Don’t feel like everything you do needs to tie in directly to your business. Accurate information with proper business applications is always interesting, even if it appears irrelevant, and you never know what audiences you might penetrate in the process.
5. Consider Everything an Opportunity
The final and possibly best tip for anyone looking to get into content repurposing is always keeping an open mind. Try to always take the approach in anything you do to wonder how you can use anything that falls into your lap somewhere else.
The content you repurpose doesn’t necessarily have to extend only to things you’ve created specifically with marketing in mind. For example, corporate blog posts are written to be read, and there’s usually a call to action involved that seeks to turn a reader into a paying customer.
However, you have content everywhere you look. One email thanking your customer service team and praising your products can, with the sender’s permission, become incredible social media validation for your brand. Even a complaint can be spun into a positive if you’re happy to take the necessary steps to remedy it.

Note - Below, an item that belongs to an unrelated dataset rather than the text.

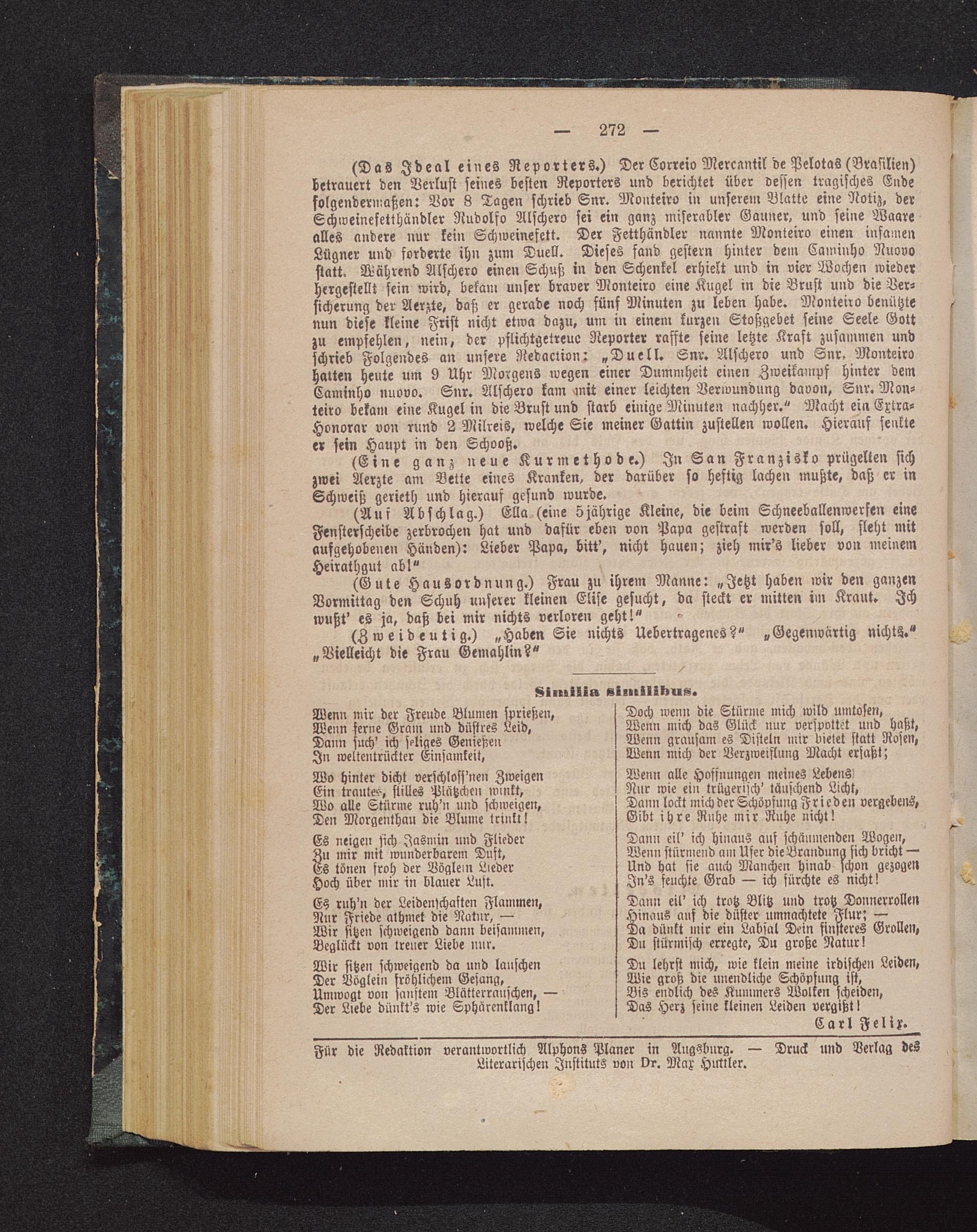 (Das Ideal eines Reporters.) Der Correio Mercantil de Pelotas (Brasilien )betrauert den Verlust seines besten Reporters und berichtet über dessen tragisches Endefolgendermaßen: Vor 8 Tagen schrieb Snr. Monteiro in unseren: Blatte eine Notiz, derEchweinefetthändler Nudolfo Alschero sei ein ganz miserabler Gauner, und seine Waarealles andere nur kein Schweinefett. Der Fetthändler nannte Monteiro einen infamenLügner und forderte ihn zum Duell. Dieses fand gestern hinter dem Caminho Nuovostatt. Während Alschero einen Schuß in den Schenkel erhielt und in vier Wochen wiederhergestellt sein wird, bekam unser braver Monteiro eine Kugel in die Brust und die Ver-sicherung der Aerzte, daß er gerade noch fünf Minuten zu leben habe. Monteiro benutztenun diese kleine Frist nicht etwa dazu, um in einem kurzen Stoßgebet seine Seele Gott zu empfehlen, nein, der pflichtgetreue Reporter raffte seine letzte Kraft zusammen undschrieb Folgendes an unsere Redaction: „Duell. Snr. Alschero und Snr, Monteirohatten heute um 9 Uhr Morgens wegen einer Dummheit einen Zweikampf hinter demCaminho nuovo. Snr. Alschero kam mit einer leichten Verwundung davon, Snr. Mon-teiro bekam eine Kugel in die Brust und starb einige Minuten nachher." Macht ein Extra-Honorar von rund 2 Mrlreis, welche Sie meiner Gattin zustellen wollen. Hierauf senkteer sein Haupt in den Schooß.

Too many marketers get into the habit of sitting and thinking about what to do next. It’s often far easier to get on with something else and let great ideas come to you. Whenever you read, write or record something, think about where else it might boost your marketing efforts.
It can be challenging to keep up with the demands of a modern online business. If you run a blog and social media accounts and don’t keep them fresh, you might find people wondering if you’re even still in business. Adding new content can be difficult when you’re bereft of time, ideas, or both, but content repurposing is one of the cleverest ways to take what you’ve got and try something new, with improved results to match.